It is a condition that occurs when tissue similar to the inside lining of the uterus is found outside of its normal location. Endometrial implants can be found on the ovaries, fallopian tubes, and ligaments that support the uterus and tissue covering the bladder and rectum. The most common locations of endometrial implants in teens are in the cul–de–sac area (behind the uterus), and near the bladder.

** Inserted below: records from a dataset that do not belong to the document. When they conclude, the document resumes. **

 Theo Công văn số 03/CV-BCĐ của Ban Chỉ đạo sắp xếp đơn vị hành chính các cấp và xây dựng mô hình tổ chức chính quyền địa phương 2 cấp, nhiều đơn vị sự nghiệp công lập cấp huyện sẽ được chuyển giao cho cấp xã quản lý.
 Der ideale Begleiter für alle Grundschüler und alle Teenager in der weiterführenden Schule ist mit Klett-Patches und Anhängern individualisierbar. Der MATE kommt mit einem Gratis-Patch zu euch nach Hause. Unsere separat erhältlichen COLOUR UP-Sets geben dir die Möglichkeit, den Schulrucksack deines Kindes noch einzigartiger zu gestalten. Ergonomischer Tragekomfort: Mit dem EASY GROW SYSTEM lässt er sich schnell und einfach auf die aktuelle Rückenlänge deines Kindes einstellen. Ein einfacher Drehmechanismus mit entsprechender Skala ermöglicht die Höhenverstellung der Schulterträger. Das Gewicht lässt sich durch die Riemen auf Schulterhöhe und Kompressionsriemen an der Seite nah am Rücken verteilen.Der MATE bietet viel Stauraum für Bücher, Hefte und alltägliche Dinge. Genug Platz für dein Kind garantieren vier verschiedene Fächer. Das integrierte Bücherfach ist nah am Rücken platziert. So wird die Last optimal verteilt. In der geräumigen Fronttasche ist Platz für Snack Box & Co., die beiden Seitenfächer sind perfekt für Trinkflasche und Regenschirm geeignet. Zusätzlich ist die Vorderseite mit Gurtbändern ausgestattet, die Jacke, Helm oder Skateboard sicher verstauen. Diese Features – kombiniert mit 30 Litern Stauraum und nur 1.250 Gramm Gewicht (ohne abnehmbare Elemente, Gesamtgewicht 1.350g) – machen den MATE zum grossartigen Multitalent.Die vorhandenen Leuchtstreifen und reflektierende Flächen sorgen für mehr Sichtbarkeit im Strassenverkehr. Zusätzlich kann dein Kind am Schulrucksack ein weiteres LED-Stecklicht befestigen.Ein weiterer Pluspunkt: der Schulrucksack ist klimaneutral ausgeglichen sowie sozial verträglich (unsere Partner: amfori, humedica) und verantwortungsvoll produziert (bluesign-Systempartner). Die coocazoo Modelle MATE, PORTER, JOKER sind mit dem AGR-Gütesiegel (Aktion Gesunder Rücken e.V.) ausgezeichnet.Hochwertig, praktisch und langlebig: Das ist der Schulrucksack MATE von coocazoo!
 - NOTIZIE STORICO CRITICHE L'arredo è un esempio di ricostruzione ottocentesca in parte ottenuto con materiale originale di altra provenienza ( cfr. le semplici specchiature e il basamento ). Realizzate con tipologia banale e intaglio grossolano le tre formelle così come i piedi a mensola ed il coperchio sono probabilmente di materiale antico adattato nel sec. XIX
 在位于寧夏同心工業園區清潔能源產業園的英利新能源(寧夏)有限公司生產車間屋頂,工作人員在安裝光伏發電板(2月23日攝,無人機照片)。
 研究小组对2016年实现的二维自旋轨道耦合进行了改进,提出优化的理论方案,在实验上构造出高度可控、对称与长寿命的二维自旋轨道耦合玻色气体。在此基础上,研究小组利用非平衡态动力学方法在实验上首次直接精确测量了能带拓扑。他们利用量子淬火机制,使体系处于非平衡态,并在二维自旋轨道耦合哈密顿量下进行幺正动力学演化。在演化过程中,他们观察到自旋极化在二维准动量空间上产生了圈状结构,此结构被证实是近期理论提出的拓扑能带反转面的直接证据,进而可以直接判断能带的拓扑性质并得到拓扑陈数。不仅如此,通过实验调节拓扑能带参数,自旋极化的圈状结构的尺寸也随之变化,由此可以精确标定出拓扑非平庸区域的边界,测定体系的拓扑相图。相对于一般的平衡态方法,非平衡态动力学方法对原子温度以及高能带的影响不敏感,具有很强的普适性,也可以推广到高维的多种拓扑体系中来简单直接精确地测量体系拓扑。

What causes endometriosis?

The exact cause is not known. It is thought that some cells from the womb (uterus) lining (the endometrium) get outside the uterus through the tubes by retrograde flow into the pelvic area. The ‘spilt’ endometrial cells then continue to survive next to the uterus, ovary, bladder, bowel, or Fallopian tube or even on previous scars like that of caesarean section. The cells respond to the female hormone oestrogen, just like the lining of the uterus does each month. Throughout each month the cells multiply and swell, and then break down as if ready to be shed at the time of your period. However, because they are trapped inside the pelvic area, they cannot escape. They form patches of tissue called endometriosis. Patches of endometriosis tend to be adhesion forming and may hence join organs to each otherlike bowel to the uterus, omentum to the uterus, ovaries and uterus etc.The cysts can fill with dark blood; this is known as ‘chocolate cysts’.

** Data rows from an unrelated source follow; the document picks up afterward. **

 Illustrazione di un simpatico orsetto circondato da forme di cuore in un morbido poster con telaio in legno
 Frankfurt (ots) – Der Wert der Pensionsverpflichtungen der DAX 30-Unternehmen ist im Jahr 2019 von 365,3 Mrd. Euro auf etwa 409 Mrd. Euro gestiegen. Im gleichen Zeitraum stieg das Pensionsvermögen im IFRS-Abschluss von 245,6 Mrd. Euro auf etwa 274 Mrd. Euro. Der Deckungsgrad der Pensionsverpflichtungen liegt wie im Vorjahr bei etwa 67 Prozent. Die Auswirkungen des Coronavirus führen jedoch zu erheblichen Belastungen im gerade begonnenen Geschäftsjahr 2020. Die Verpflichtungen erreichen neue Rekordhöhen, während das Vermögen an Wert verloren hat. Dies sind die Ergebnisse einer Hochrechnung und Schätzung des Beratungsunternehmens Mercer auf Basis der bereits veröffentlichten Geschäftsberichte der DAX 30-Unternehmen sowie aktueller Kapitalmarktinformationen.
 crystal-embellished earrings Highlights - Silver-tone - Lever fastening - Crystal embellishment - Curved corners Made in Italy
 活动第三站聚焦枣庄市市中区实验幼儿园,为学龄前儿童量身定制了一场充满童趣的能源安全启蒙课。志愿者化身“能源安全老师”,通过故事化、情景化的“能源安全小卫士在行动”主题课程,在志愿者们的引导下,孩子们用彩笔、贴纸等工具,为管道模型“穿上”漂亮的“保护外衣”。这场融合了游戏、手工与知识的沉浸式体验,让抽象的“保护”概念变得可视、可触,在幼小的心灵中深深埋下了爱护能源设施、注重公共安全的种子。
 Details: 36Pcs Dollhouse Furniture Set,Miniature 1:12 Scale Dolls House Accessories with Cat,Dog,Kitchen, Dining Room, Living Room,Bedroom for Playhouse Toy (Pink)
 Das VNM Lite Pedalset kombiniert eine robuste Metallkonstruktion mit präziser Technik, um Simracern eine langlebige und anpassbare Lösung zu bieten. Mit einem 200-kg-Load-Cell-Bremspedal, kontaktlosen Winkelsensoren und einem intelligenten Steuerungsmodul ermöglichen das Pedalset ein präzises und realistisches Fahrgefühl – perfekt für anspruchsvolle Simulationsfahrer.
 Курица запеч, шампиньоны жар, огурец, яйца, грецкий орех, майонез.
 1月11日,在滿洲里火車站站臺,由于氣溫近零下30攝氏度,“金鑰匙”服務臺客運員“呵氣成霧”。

With each menstrual cycle, the implants go through the same growing, breaking down, and bleeding that the uterine lining (endometrium) goes through. This is why endometriosis pain may start as mild discomfort a few days before the menstrual period and then usually is gone by the time the period ends. But if an implant grows in a sensitive area, it can cause constant pain or pain during certain activities, such as sex, exercise, or bowel movements.
Between 20% and 40% of women who are infertile have endometriosis.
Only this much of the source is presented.